Cooke Optics will introduce 1.8x Anamorphic/i Full Frame Plus lenses at IBC. 

Les Zellan, Cooke Chairman, calling from the far side of the world, explained, “As soon as we introduced S7/i Full Frame Plus spherical primes, users asked for Full Frame anamorphics.” 

It’s always been this way—ever since Richard Burton marched into The Robe (1953) in what the ads proclaimed as “The Tremendous Spectacle that Launched Cinemascope. With a mighty cast of thousands! You see more because there is more on the film to see!”

Not content with a mere 35mm negative whose 1.33:1 silent aperture anamorphically stretched to 2.66:1 — MGM released Ben-Hur (1959) in big MGM Camera 65 format (65mm Ultra Panavision). Its 1.25x squeezed anamorphic image on 65mm negative desqueezed to a spectacular 2.76:1 aspect ratio on 70mm projection film (the extra 5 millimeters were for the sound track). 

The circle of life in formats and aspect ratios continues.

Cooke Optics presents a 50mm T2.3 Full Frame Plus 1.8x Anamorphic/i lens at IBC. The core set will be 40, 50, 75 and 100 mm, all T2.3. Front diameters will be 110 mm. They will be similar in size to the Cooke S7/i Full Frame Plus lenses. 

These will be followed by 32, 135 and 180 mm. 

All these lenses will cover the Full Frame image area of 36 mm wide x 24mm high (image diagonal of 43.27 mm). 

The anamorphic squeeze ratio is 1.8x. Why?

Les explained, “If you do the math, to get 2.39:1 desqueezed from a 1.5:1 Full Frame image, you’d have a 1.6x ratio. But to us, that’s not a very interesting anamorphic look. It’s like being half pregnant. The classic oval bokehs are missing.

“If we did a traditional 2x squeeze, there would be a lot of wasted space and pixels lost in cropping (1.5:1 x 2 = 3:1). So we arrived at 1.8x, which keeps the classic look and oval bokehs. Also, a 2.39:1 image squeezed to 1.8x benefits from covering over 90% of the Full Frame sensor area.” 

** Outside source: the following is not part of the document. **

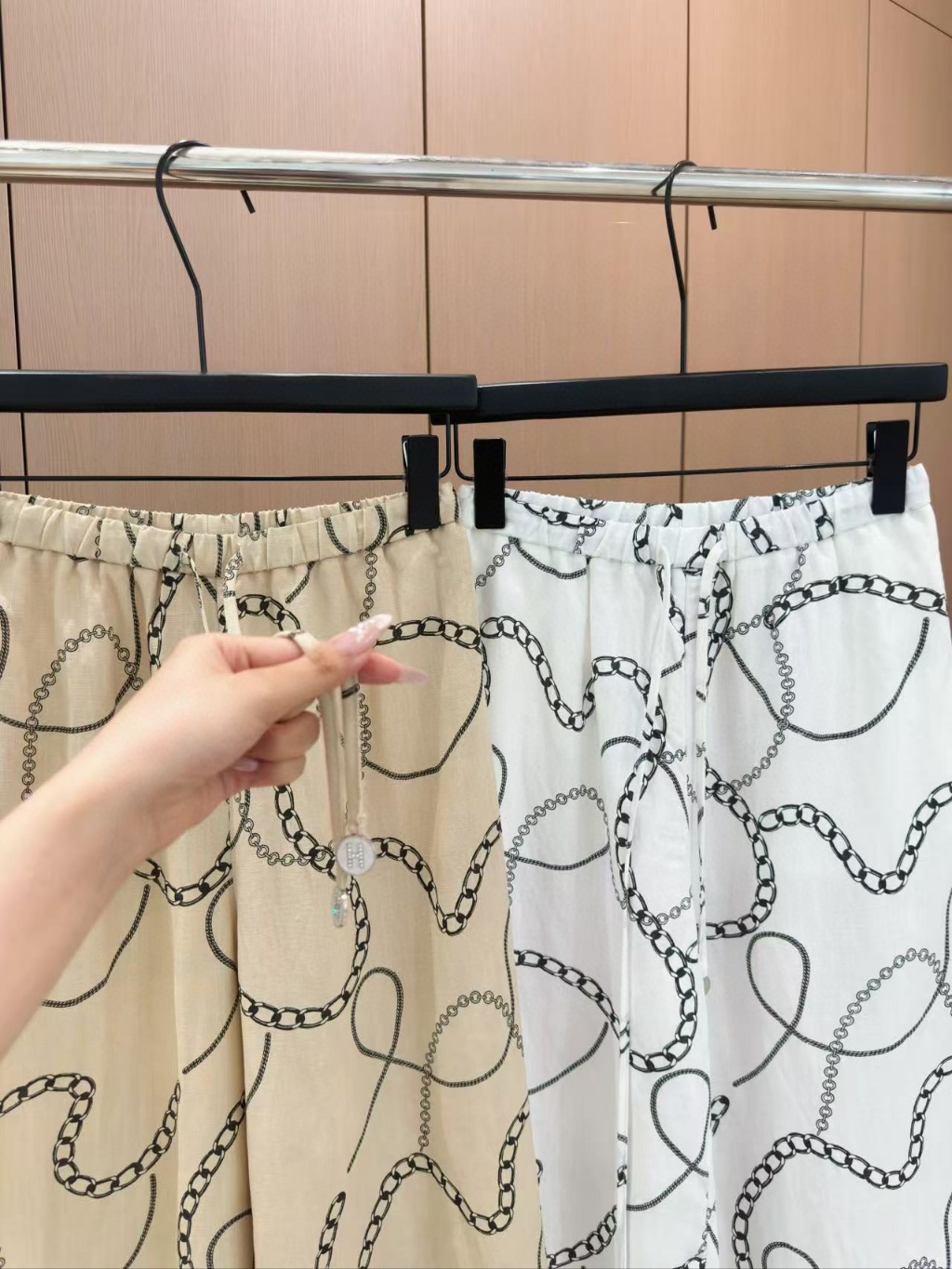 원본품질 에르메스 25 신상 린넨 프린트 캐주얼 팬츠 맞춤 제작 퀄리티 원단 질감 짱 컬러풀 스트링 와이드 스트랩으로 고급스러움을 살림 우아하면서도 핏감이 너무 좋음 작업 품질은 디테일을 보세요

The math is good. 1.5:1 x 1.8 = 2.7:1. This is close to the classic, original anamorphic ratios. In this era of streaming and aspect ratio independence, we are no longer limited by projection lenses and 2.39:1 screens. These words may send various companies and committees into paroxysms of parrying prose, but perhaps creative freedom and aspect ratio agnosticism will prevail. 

Another advantage of the 1.8x anamorphic squeeze is that it benefits from the full resolution of the camera’s full picture height. 

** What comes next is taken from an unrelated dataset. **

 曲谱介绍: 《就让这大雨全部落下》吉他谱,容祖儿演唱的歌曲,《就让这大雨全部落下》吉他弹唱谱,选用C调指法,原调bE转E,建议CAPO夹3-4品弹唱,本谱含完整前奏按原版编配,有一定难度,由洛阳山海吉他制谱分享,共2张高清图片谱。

Of course, the new Cooke 1.8x Anamorphic/i lenses also work on S35 cameras and Full Format cameras with 1.89:1 sensor aspect ratios: Canon C700 FF (38.1 x 20.1mm) and RED MONSTRO 8K (40.96 x 21.60mm).

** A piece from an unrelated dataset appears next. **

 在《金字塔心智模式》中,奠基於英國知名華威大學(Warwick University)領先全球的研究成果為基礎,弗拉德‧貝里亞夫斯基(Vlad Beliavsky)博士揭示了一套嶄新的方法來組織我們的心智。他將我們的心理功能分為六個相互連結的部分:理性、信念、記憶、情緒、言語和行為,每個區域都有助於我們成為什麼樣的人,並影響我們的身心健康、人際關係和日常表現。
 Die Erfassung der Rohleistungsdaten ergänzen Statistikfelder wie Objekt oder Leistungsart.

The new Cooke 1.8x Anamorphic/i Full Frame lenses will have the familiar Cooke look of their Super35 cousins: horizontal streaks when flared with a light source, beautiful bokeh and smooth skin tones.   

What cameras support 1.8x desqueezed viewing? Sony announced support in Version 3.0 for VENICE.

ARRI will have an ALEXA LF SUP 4.0 beta version at IBC that already supports 1.8x de-squeeze, as well as 1.65x de-squeeze for the Panavision Ultra Vista Anamorphics.

At IBC 2018, Cooke will also present the Panchro/i Classic 65mm Macro and 21mm lenses for the first time, as well as  various lenses from the S7/i, miniS4/i, Anamorphic/i and Anamorphic/i SF families.

Visitors to the Cooke booth at IBC in Hall 12 (12.D10) will see demonstrations of /i3(/i Cubed), the latest version of its /i Technology metadata system that now provides distortion mapping—not just a theoretical measurement of all lenses of a particular focal length, but of the specific lens in use. New deliveries of S4/i, 5/i, and S7/i lenses from October 2018 will include /ifunctions.